BEIJING – Beijing will set up specially designated zones for protesters during next month’s Olympics, a security official said Wednesday, in a sign China’s authoritarian government may allow some demonstrations during the games.
Worries about terrorist attacks, both from international groups and Muslim separatists from western China, and about protests of any kind have prompted one of China’s broadest security clampdowns in years. The overall effect is that while Beijing looks cheerful, with colorful Olympic banners and new signs, the city feels tense.
Vehicle checkpoints ring Beijing and visa rules have been tightened to keep out foreign activists. Police have swept Beijing neighborhoods to remove Chinese who have come to the capital to complain about local government misdeeds, and known political critics and underground Christians have been told to leave.
But Liu Shaowu, director for security for the Beijing Olympic organizing committee, said Wednesday that areas in at least three public parks near outlying sporting venues have been set aside for use by demonstrators.
The remarks were the first public confirmation that Beijing may tolerate a modest amount of protest at an Olympics that the government hoped would be flawless, boosting its popularity at home and China’s image abroad.
“This will allow people to protest without disrupting the Olympics,” said Ni Jianping, director of the Shanghai Institute of American Studies, who lobbied Chinese leaders to set up the protest zones.
It was not clear how easy it would be to enter the zones.

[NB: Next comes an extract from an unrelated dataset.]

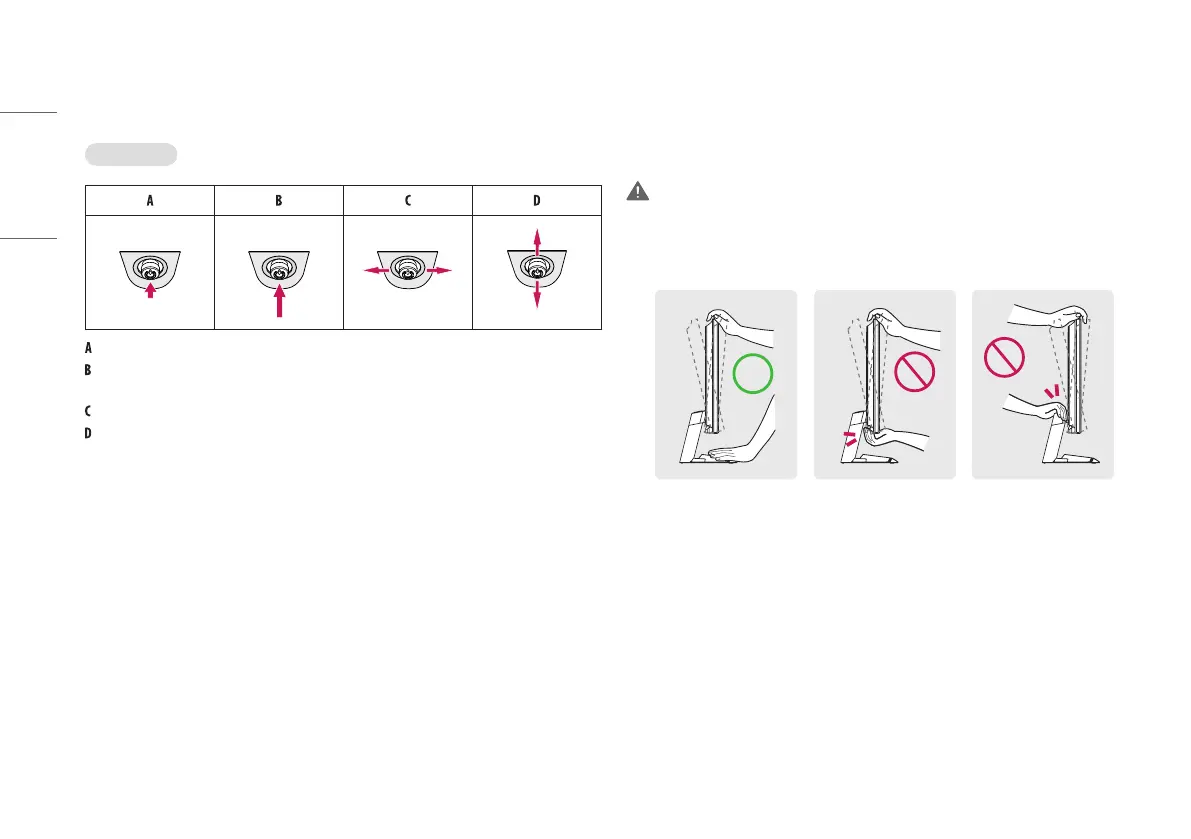 • Be careful not to touch or press the screen area when adjusting the angle of the monitor.

Liu and Beijing police would not say if special permission would be needed. A human-rights campaigner criticized the move as cosmetic, and Beijing has already refused visa requests for known foreign activists.
A Beijinger whose restaurant was demolished in the city’s Olympic makeover and who was jailed for trying to organize a protest, Ye Guozhu, was taken from the Chaobai Prison on Tuesday to an unknown location, four days before he was due to be released, the monitoring group Chinese Human Rights Defenders said Wednesday. Police in Ye’s old neighborhood said they were not aware of the case.
Liu, the security official, said police were trying to strike a balance between the need for safety and the desire for festiveness.
“We truly do want to preserve the festive and joyful atmosphere of the Olympic Venues,” Liu told a news conference. “At the same time we want to reduce the impact security has on daily life.”